Выбрать главу

В это время явились Вязины и принесли такие запахи, будто Баранову приставили новый нос. “Значит: весна и я выздоравливаю”.

* * *

Возле ректората стоял глобус в два роста вышиной. На одной шестой части суши была белая, как от ярости, надпись наискосок: СОВЕТСКИЙ СОЮЗ. Баранов старался приосаниться в ожидании Серафимы: то одно плечо приподнимал, то другое, но в это время упустил грудь, и она начала заваливаться между плеч. Он увидел себя в зеркале — попытки автосборки, и, оказывается, каждый, кто желал, мог наблюдать все его мучения. Они реяли из него и, как ртути пар, витали между лицом и зеркалом.

— Ну что, Алексей, человек Божий, вперед. — Серафима появилась внезапно. — Но я вас прошу: никому ни слова! Молчите там, понятно?

В глазах ее мелькало что-то материнское. И Баранов знал, что тут нет никакой подделки, ибо на сегодняшний день это было лучшее лицо в городе Перми. А если не получится, если его исключат из универа? Нет, об этом думать нельзя. И Баранов заскакал за своим горячо любимым деканом по лестнице. Серафима же шагала широко (ее великолепно-уверенная походка бодрила Алексея):

— Пермяки повально гипертимны...

— Гипер-что, Серафима Макаровна?

— Ну, чересчур возбудимы. Это от нашей воды. Йода нет в ней. Щитовидка без йода дает повышенную повальную нервозность.

— Между нами, мутантами, говоря: эта пермская гипер-что-то... мне вот и нравится, — лихо отвечал Баранов, снова пытаясь взбугриться.

Пятница — это маленькая суббота, думала Серафима, все стараются пораньше уйти с работы. Только бы он принял нас, бормотала она. О, родная, родная, думал Баранов, зачем я был гадок, пил, слушал эти голоса, грозные... если меня оставят... пусть меня оставят в универе! Я тогда...

— У вас этих гениев, Серафима Макаровна, таскать — не перетаскать, — улыбчиво встретил их ректор. — Вы уж скажите сразу: сколько их там, на факультете, накопилось?

— Искусства много не бывает, Александр Иванович. И знаете: рисунки Баранова в стенгазете — это же двадцать первый век.

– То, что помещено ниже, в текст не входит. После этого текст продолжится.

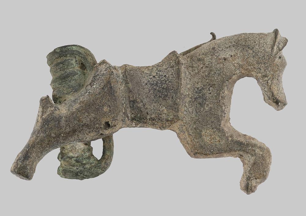 Pferdeförmige Fibel; Pferd nach rechts galoppierend, mit Sattel; Nadel und Spule aus Bronze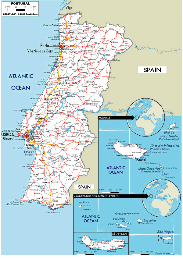 Столица Португалии – Лиссабон. Полуостровная часть Португалии разделена на 18 округов – основных административно-территориальных единиц; 4 округа составляют острова, пользующиеся в ряде вопросов внутренней автономией. Сохраняется традиционные деление страны на исторические провинции.

Все у тебя двадцать первый век, думал Пикчурин, не убирая улыбки. Новый век еще далеко, а все уже стараются забронировать в нем местечко!.. Юноша тревожил его тем, что походил на оперного витязя, а “витязь” — это откуда?

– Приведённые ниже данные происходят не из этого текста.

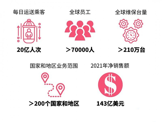 奧的斯的身影幾乎遍布全球大都市,這家成立于1853年歷史悠久的電梯業巨頭,每天在全球運送乘客約20億人次,擁有超過7萬名員工,維保電梯和自動扶梯超210萬臺,規模居行業之首。2021年,奧的斯的業務范圍覆蓋全球超過200個國家和地區,凈銷售額達143億美元。

— Серафима Макаровна, “витязь” — откуда?

— Из скандинавского викинга... что значит “бродяга”.

Серафима начала плетение словес: без звучащего слова нам все равно не построить нового общества, Александр Иванович, дорогой, вот тут-то филологи и пригодятся, да-да! Пикчурин в ответ качал розовым лицом и не перебивал. На самом же деле надежды Серафимы тут были на стыдливую тягу Пикчурина к таким вот золотистым витязям и эллинам, эх, еще бы сейчас посвежее выглядел Алексей, как хотя бы год назад!.. Ректор в ответ даже не убрал улыбку:

— Жизнь так устроена, что человек не властен в некоторых делах.

Она сразу все поняла. Если кто-то говорит, что жизнь такая плохая, это значит только одно: он заранее принял решение поступить погано. “Уеду в Смурновск, поступлю на журфак”, — пронеслось в мозгу у Баранова. Смурновском обзывали тогда Свердловск.

— Комендант в докладной написал, что вы, Баранов, были в наркотическом дурмане. Я здесь ничего не могу поделать. — Ректор навел на последние слова ну траурный оттенок.

В то время наркотиков боялись больше, чем диссидентов. Эти вещества сильнее и успешнее уводили людей от идеи всеобщего счастья. Наркоман счастлив в одиночку, у него власть внутри захвачена другим хозяином. Власть компартии кончалась на поверхности кожи морфиниста или анашиста. Лечить нужно, но это уже не дело ректора. Его дело: исключить.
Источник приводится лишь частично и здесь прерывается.